Why Your Brain Isn’t a Light Switch
Think of a simple light switch: it can be ON or OFF. Welcome to the binary world. It has been useful but, sorry to say, it’s a blunt instrument.
Now, think of your brain. Is a neuron simply “firing” or “not firing”? Neuroscience tells us the reality is far more subtle. A neuron can be actively firing (excited), actively suppressed (inhibited), or at rest (neutral). This three-state system of excitation, inhibition, and rest is the fundamental rhythm of our minds (Xinxing Wang et al., 2020).
The “rest” or “inhibited” states are not failures, but features of fundamental importance. They allow the brain to filter out irrelevant noise, focus its attention, and handle ambiguity without being forced into premature decisions. When you’re trying to solve a problem, your brain doesn’t just process “yes” and “no” answers, it spends most of its time in a state of “maybe,” holding multiple possibilities in superposition and weighing evidence. This ability to comfortably exist in uncertainty is a hallmark of higher intelligence.

Imagine a neuron as a battery. When it’s at rest, it’s charged (polarized), ready and prepared for action if a threshold is exceeded. Excitation discharges it (depolarizes), while inhibition overcharges it negatively. Therefore, the zero value in a neuron is not a total shutdown, but a neutral state in which the neuron integrates incoming signals without generating action.

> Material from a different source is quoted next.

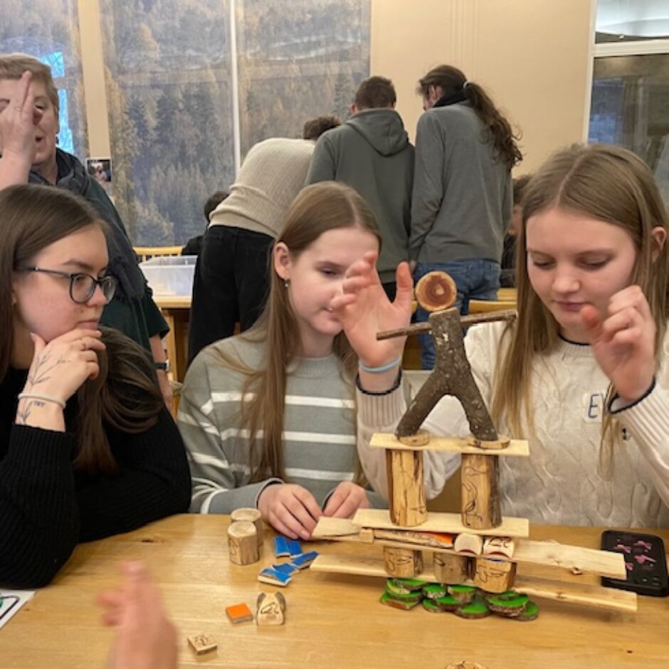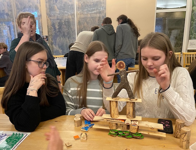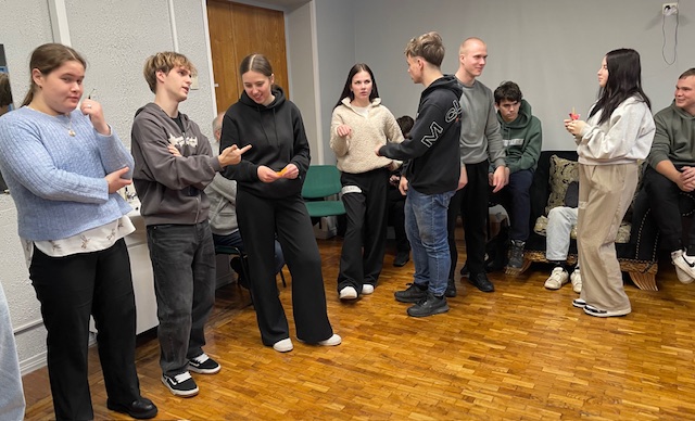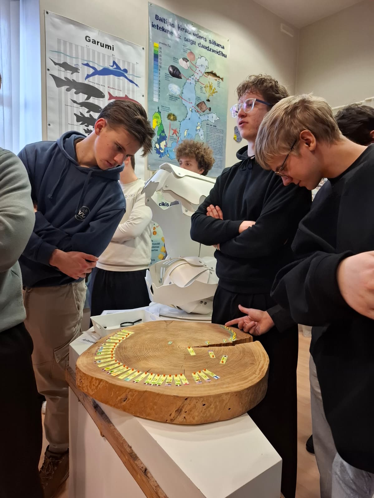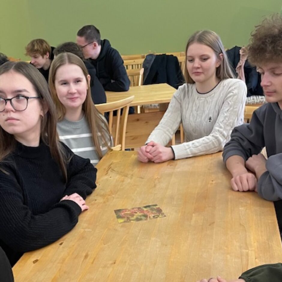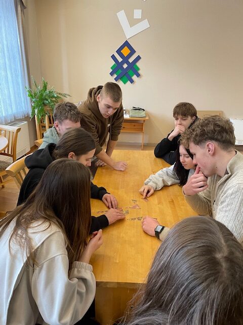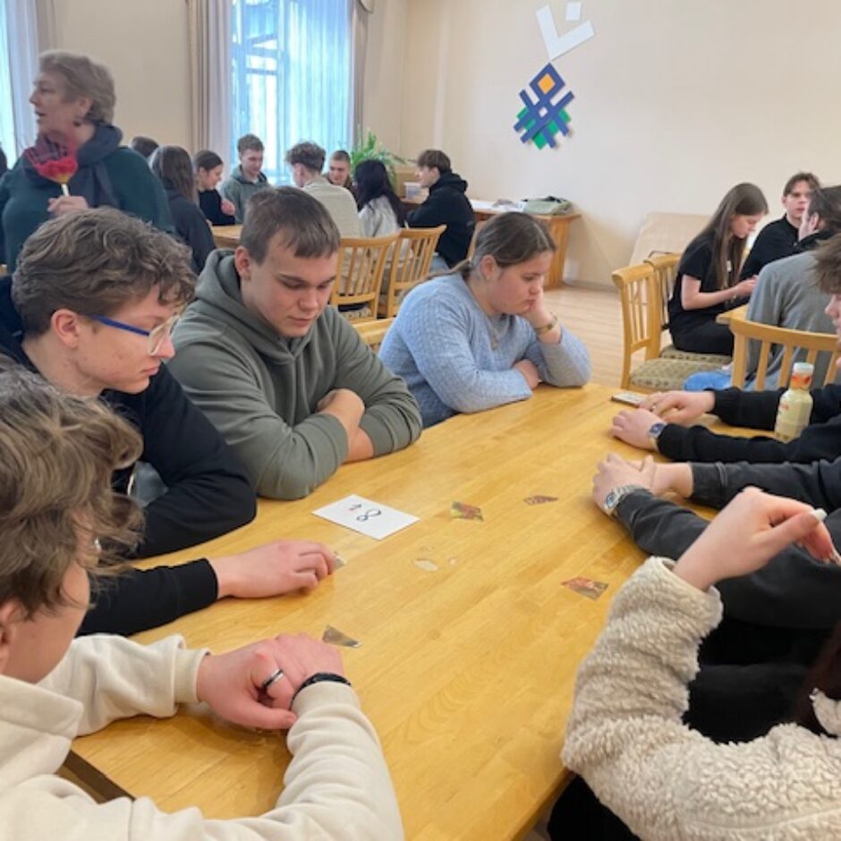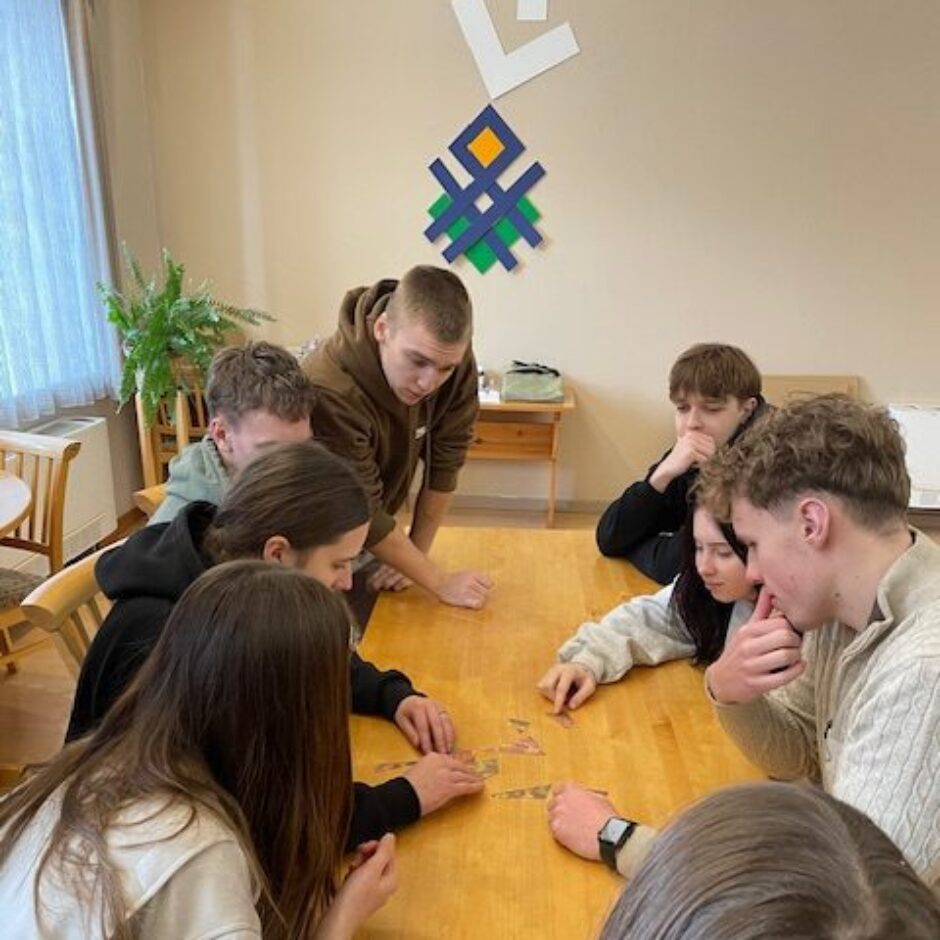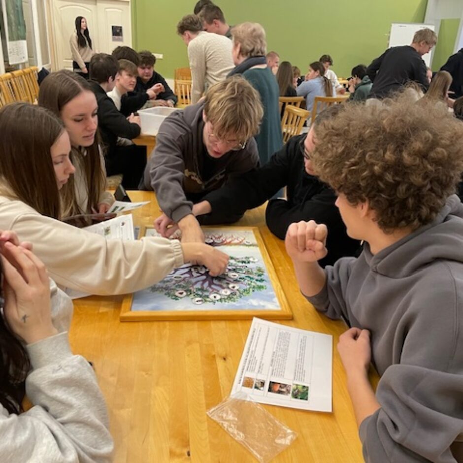 Tālāk skolēni devās uz Dabas aizsardzības pārvaldi, kur piedalījās izzinošā nodarbībā par dabu. Darbojoties jauktās grupās, Salacgrīvas un Valkas jaunieši saliedējās, pildīja uzdevumus un uzzināja vairāk par zivīm, augiem un dažādām ekosistēmām.

Today’s LLMs lack this. Trapped in a binary world, they are compelled to produce an answer even when they lack sufficient information. This is the root cause of “hallucination,” explored by Dr. José Sánchez in a previous article or, more plainly, the confident assertion of falsehoods.
An LLM cannot simply say “I don’t know” in a meaningful way. It is forced to guess, to fill the void with the most statistically probable pattern, regardless of its truth. Aigarth’s ternary approach, using the states TRUE (+1), FALSE (−1), and UNKNOWN (0), directly models the brain’s ability to handle uncertainty. The “0” state is not an error; it is an honest and efficient representation of ambiguity—a built-in mechanism for intellectual humility (Deepu Benson et al., 2025).

Doing More with Less
The paradox deepens when we look at computational efficiency. You might intuitively think that adding a third state would increase complexity and require more resources. The opposite is true. A single ternary switch, or trit, holds more information than a binary bit.

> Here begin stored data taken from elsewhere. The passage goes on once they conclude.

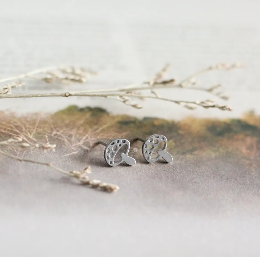 A minimalist pair of stainless steel studs featuring a mushroom design.
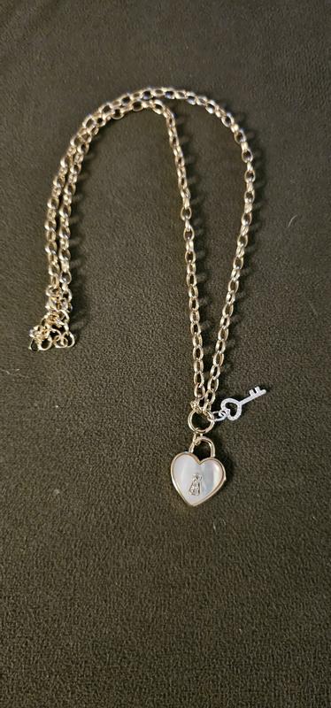 UnwrittenCubic Zirconia Key and Genuine Mother of Pearl Inlay Stone Heart Necklace
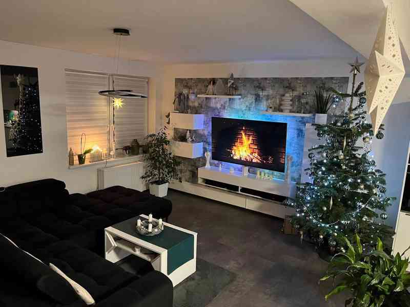 - z obývací místnosti je vstup na venkovní vyhřívanou terasu, kterou lze využívat celoročně. Terasa je vytápěná tepelným čerpadlem + infrazářiči a slouží jako prodloužení obývací části domu.
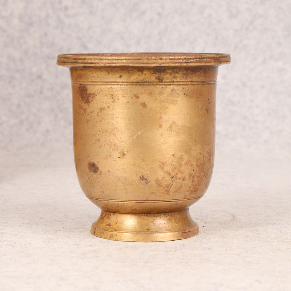 Enhance your spiritual ambiance with our exquisite Vintage Brass Panchpatra Pot that is a masterpiece meticulously handcrafted by highly talented Indian artisans. This sacred vessel, designed for holding holy water during prayers, exudes timeless charm with its antique brown finish, showcasing the rich cultural heritage of India. Forged from high-quality brass, the pot is a testament to artisanal mastery, blending tradition with elegance. Its vintage appeal and authentic craftsmanship make it a unique addition to any prayer room, be it at home, in an office, restaurant, hotel, or cafe. This versatile piece seamlessly complements diverse settings, enhancing the sacred atmosphere wherever it finds a place. As a collector's item, the Vintage Brass Panchpatra Pot promises to be a cherished addition to your vintage collection, carrying with it the stories of devotion and craftsmanship from generations past. Moreover, it serves as a thoughtful and meaningful gift for your family, friends or relatives on special, festive, or auspicious occasions, symbolizing blessings, tradition, and the enduring beauty of cultural heritage. Embrace the divine aura and aesthetic allure with this timeless piece that transcends time and resonates with spirituality.

Think of a traffic light: a red/green system is binary. Adding the yellow light, a third state, doesn’t just add one more piece of information; it makes the entire system exponentially more efficient and safer by providing crucial context: “prepare to stop.”

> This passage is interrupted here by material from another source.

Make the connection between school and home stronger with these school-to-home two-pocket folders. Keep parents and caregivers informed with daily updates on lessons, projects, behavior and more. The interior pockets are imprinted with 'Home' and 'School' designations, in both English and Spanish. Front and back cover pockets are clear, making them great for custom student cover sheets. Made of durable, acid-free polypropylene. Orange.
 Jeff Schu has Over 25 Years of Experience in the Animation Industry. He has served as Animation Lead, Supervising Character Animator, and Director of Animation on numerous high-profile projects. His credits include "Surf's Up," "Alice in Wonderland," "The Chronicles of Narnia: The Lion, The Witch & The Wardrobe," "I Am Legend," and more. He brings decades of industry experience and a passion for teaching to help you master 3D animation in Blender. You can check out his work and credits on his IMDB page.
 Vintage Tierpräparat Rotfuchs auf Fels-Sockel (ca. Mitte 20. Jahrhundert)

This increased information density means ternary systems can perform the same computations using significantly fewer components. A problem that might require a vast array of binary transistors can be solved by a much smaller, more elegant ternary circuit. This has profound implications for the future of AI hardware. As the energy consumption of massive GPU and TPU powered data centers, like those being built by X and the Stargate Consortium becomes a growing global concern, the promise of smaller, faster, and radically more energy-efficient ternary-native AI accelerators represents a necessary and sustainable path forward (Georg Rutishauser et al., 2024).
For Aigarth, this efficiency is a core principle. The evolutionary processes at the heart of our Intelligent Tissue thrive in the richer, more complex “fitness landscape” that ternary logic provides. Instead of a binary choice between a “good” mutation and a “bad” one, evolution can explore a spectrum of “promising,” “neutral,” or “unhelpful” changes. This enables more nuanced and sophisticated learning, allowing the system to discover complex solutions that would remain inaccessible in a simple right-or-wrong binary world (Yu-Xiang Yao et al., 2022).
This approach of evolving intelligence from the ground up, rather than programming it top-down, is what separates Qubic's methodology from the brute-force scaling of current AI giants.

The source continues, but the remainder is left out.